For me it seems to get better as time goes on, but often takes 5-6 sessions for the walls to drop enough to feel comfortable. I've had bad experiences with both escorts and in the sugaring world with dishonest partners and mentally unstable girls so my spidey senses are always on alert at the beginning.  

As far as sexual performance goes, I've found a lot of non-escort women just don't have much experience pleasing men. Some girls have only been with a small number handful of partners. A few of my SB's were only experienced with one or two partners, and those partners never communicated to them what pleased them.  

I like showing a partner how I like certain things, depth, speed, sounds to make and so forth. If these 'trainings' are done slowly and with care she will integrate them into future lovemaking sessions and it will please both of you more since she will likely respond with more arousal if she sees you are liking what she is doing.

On the other hand, some girls are just not comfortable sexually and no amount of education will get them to be responsive, [aka 'the starfish response']. If multiple educational sessions do not yield adequate results it's time to move on, but don't give up prematurely as she may just be showing signs of anxiety and trust issues, or just not have the experience.  

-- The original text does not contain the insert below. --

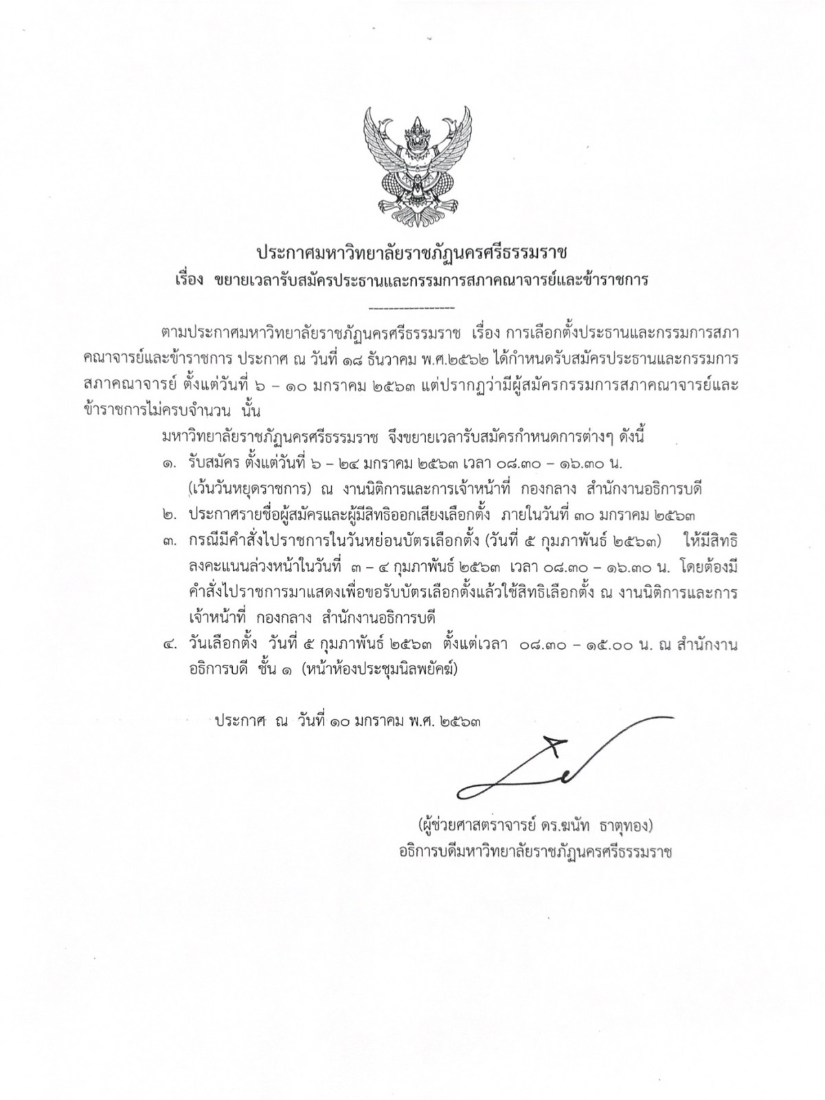 ประกาศมหาวิทยลัยราขภัฏนครศรีธรรมราช

Sometimes still waters run deep.

I do.  I expect her to get more comfortable with me.  Meaning more open to long blow jobs.  Wearing lingerie for me.  Sending nudes.  Toys.  

If she gets lazy because we are comfortable, then it's boring.  Some people are ok with that because their partner got your body wired.  So she knows the BJ you like and how to get you off.  I had an ex who loved me being lazy in bed because I know the two or three things that made her cum.  She was completely satisfied.

I've been seeing this gorgeous Malaysian lady for a little over 2 years.  She was pretty vanilla but about 6 months ago I  bought her a vibrator and butt plugs. Turns out she's freaky. Even begs me for anal. Pleasant surprise.

If the communication gets better, which it definitely should, the sex will be better.  And it shouldn't take years.

I agree with Herb on this, in general. With time you can get more comfortable and learn how to please each other and the sex is an expression of your feelings for the other person.
Of course this depends on both parties really liking each other and wanting that relationship. Otherwise it can be a chore.